Items from a dataset
==============================

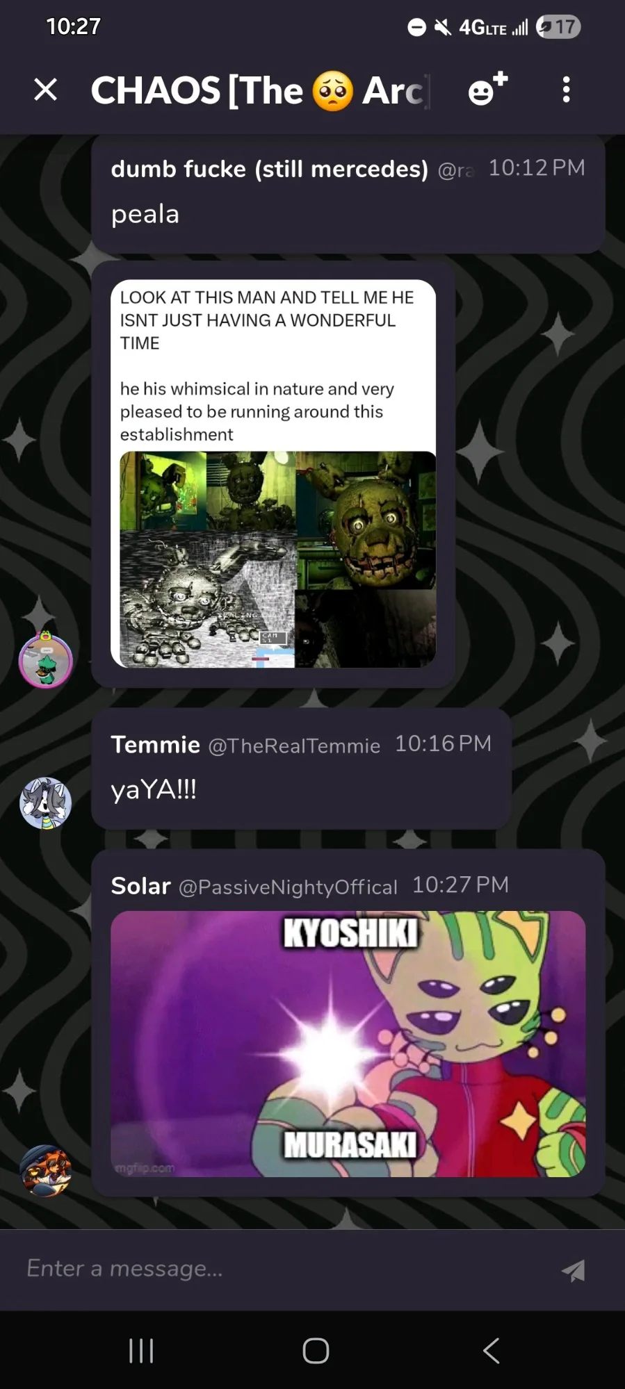 In each GC, I usually never chat until I I decided to send ONE thing and people are like, "HOLY SHIT! THEY'RE ALIVE?! Who are they?"
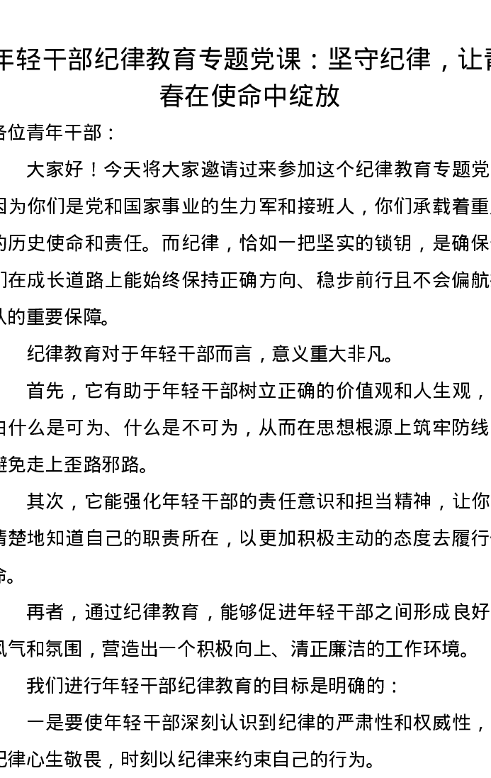 年轻干部纪律教育专题党课:坚守纪律,让青春在使命中绽放
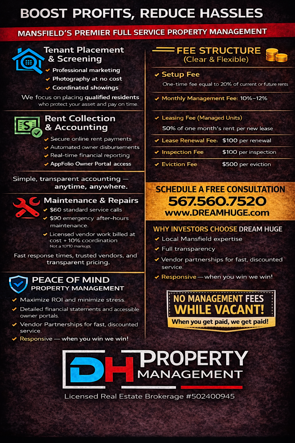 We are a full service property management and maintenance team. At Dream Huge Property Management we feel that if you are not getting paid we do not get paid! We also handle the day to day, including rent collection, deposits, utility bills, showing, leasing, maintenance, repairs and more so you can get back to what you love doing as an investor, which is investing! Fill out the form below to learn more! Make more, stress less and have happier tenants!
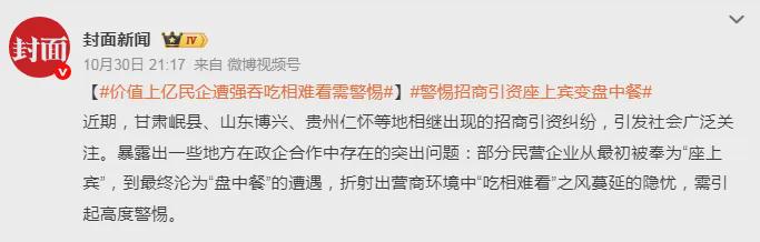 这些事件,虽然其中的是非纠葛还有待厘清,但总觉得有些蹊跷。有媒体这样谨慎的提醒:“部分民营企业从最初被奉为‘座上宾’,到最终沦为‘盘中餐’的遭遇,折射出营商环境中‘吃相难看’之风蔓延的隐忧,需引起高度警惕。”
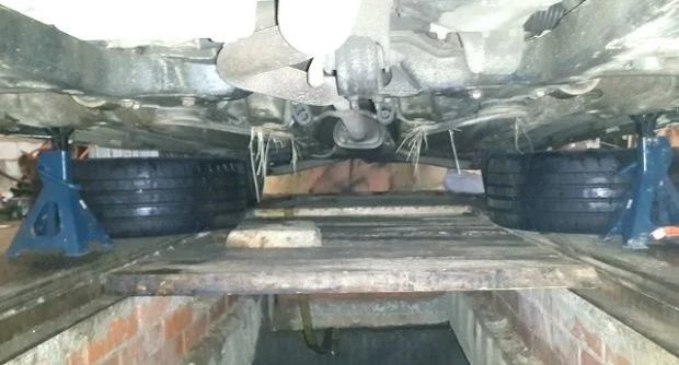 С подвески, придется откручивать от ступиц привода, также верхнее крепление стойки стабилизаторов, рулевые наконечники, шаровые опоры и всё это демонтируется дабы вынуть приводные валы из КПП и снять подрамник (хотя можно и не снимать его полностью, а только открутить его с одной стороны и приспустить со стороны коробки). Также под низом откручивать нижние подушки коробки передач, освободить подрамник от проводов, чтобы не порвались при его опускании. Откручиваем по периметру коробки все болты.
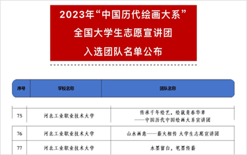 为深入学习贯彻落实习近平文化思想,推动中华优秀传统文化的传承发展和国际交流,团中央青年志愿者行动指导中心、教育部中外语言交流合作中心等联合发布了关于遴选2023年“中国历代绘画大系”全国大学生志愿宣讲团的公告,最终我校三支宣讲团入选。
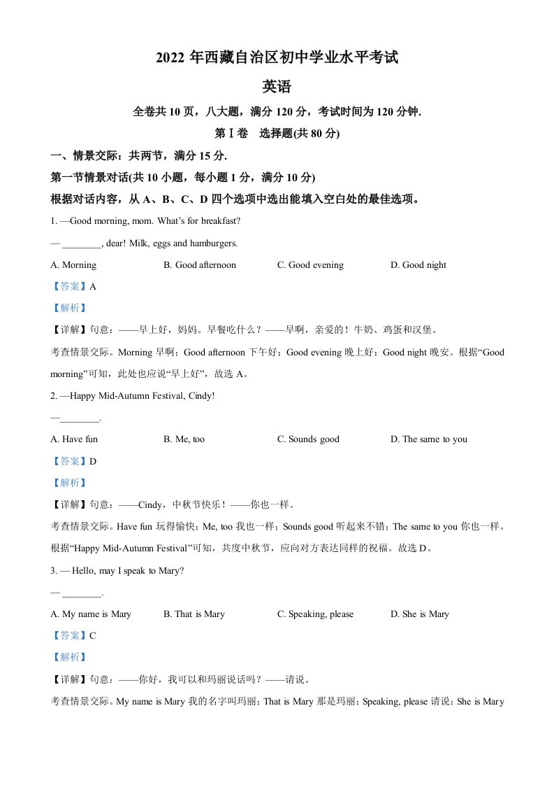 当前位置: 首页初中资源中考真题正文 2022年西藏中考英语真题(含答案)_共22页 中考真题 2 周前 0 0 5 以上为部分内容预览,如需源文档请登录您的会员账号进行下载! 声明:本站所有文章,如无特殊说明或标注,均为本站原创发布。任何个人或组织,在未征得本站同意时,禁止复制、盗用、采集、发布本站内容到任何网站、书籍等各类媒体平台。如若本站内容侵犯了原著者的合法权益,可联系我们进行处理。 尚学资源永久会员 打赏 收藏 海报 链接

==============================

** PROBLEM STATEMENT **
Repeat only the lines between the start of the data and the line with "这些事件,虽然其中的是非纠葛", including those two lines, and skip the pictures.

** THE ANSWER **
 In each GC, I usually never chat until I I decided to send ONE thing and people are like, "HOLY SHIT! THEY'RE ALIVE?! Who are they?"
 年轻干部纪律教育专题党课:坚守纪律,让青春在使命中绽放
 We are a full service property management and maintenance team. At Dream Huge Property Management we feel that if you are not getting paid we do not get paid! We also handle the day to day, including rent collection, deposits, utility bills, showing, leasing, maintenance, repairs and more so you can get back to what you love doing as an investor, which is investing! Fill out the form below to learn more! Make more, stress less and have happier tenants!
 这些事件,虽然其中的是非纠葛还有待厘清,但总觉得有些蹊跷。有媒体这样谨慎的提醒:“部分民营企业从最初被奉为‘座上宾’,到最终沦为‘盘中餐’的遭遇,折射出营商环境中‘吃相难看’之风蔓延的隐忧,需引起高度警惕。”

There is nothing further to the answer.